LU 53 - Emmanuel Laugier, For, éditions Argol, collection l'estran

Laugier-_133 - copie.jpgIl est des livres qui vous tiennent non à distance mais dans la distance, des livres qui vous imposent une posture. Le dernier livre d’Emmanuel Laugier For que publient les éditions Argol  est de ceux-là.

Imaginez 250 pages d’un poème en continu avec ce qu’il faut d’asyntaxie, de syncopes, de coupes, de graphies inattendues, de récits concassés, de remontées de mémoires, de glissades, de pans de fantasmes et tout cela dans un flot, un torrent au débit impétueux, aux écumes irisées. Hors signification immédiate, on est jeté dehors – c’est le sens le plus évident de ce titre aussi court qu’énigmatique, renvoyant à l’étymologie latine for, foris – et lire dès lors revient à se tenir comme on se tient face à un être vivant. Un autre qu’il ne s’agit pas de décrypter, de déchiffrer, de déboutonner, de déplier pour l’expliquer mais  de regarder d’un œil étonné, attentif à voir comment il bouge, se délie, se déplie, ouvre les yeux, les ferme, se penche, avance, glisse, saute, se jette à côté, traverse les pages.

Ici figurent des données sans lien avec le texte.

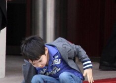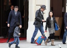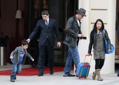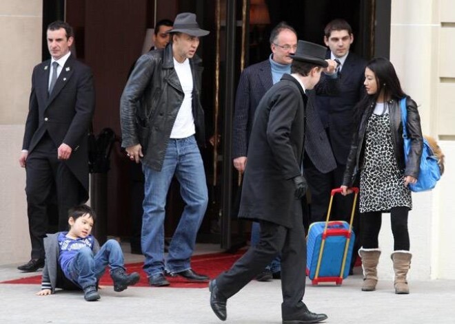 Nikolasa Keidža dēlēns draiskojas pie viesnīcas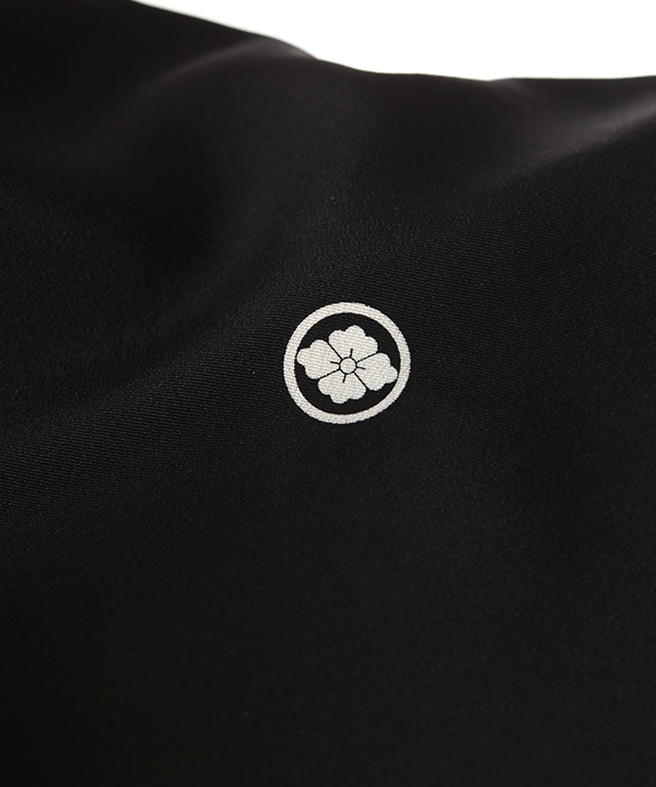 背と両袖、胸元の抱き紋の五つ紋入り。

Regarder le corps du texte – cette danseuse ! - comme le conseillait le poète E.E Cummings à propos de la beauté, n’est-ce pas le seul moyen de deviner – on ne dira pas son âme par crainte de faire retour sur quelques vieux débats –  sa part immortelle. Sa singularité.

Ce titre For, on pourrait le prendre pour un nom. Un nom propre. Celui en verlan d’or-f, Orphée, figure du poète Figure de celui qui remue, use et abuse de la langue commune, attaque son corps massif pour la chance d’y voir naître comme étrangère sa langue singulière. Dans ce travail, le poète Emmanuel Laugier ne craint ni le manque de suite, ni les coupures, ni les sauts d’une scène d’enfance marocaine aux cahots d’un voyage en voiture en passant par la rencontre avec cet autre museur qu’est parfois l’analyste pour finir par approcher l’île, celle « intérieure / (…) pliée dans l’enveloppe / du jour ». Emmanuel Laugier pratique l’interruption, la séparation, la refente. Il y a tellement d’épais à entamer que tout se passe comme s’il ne pouvait tracer chemins de langue où marcher qu’en entamant et pris dans le mouvement rester sur cet élan afin qu’à peser sur l’avant, on dépasse. Nulle confession. On ne déroule ici ni affres, ni souffrances, à peine si l’on reconnaît des fragments d’images remontées, ballotées, polies à tous les courants du vivre.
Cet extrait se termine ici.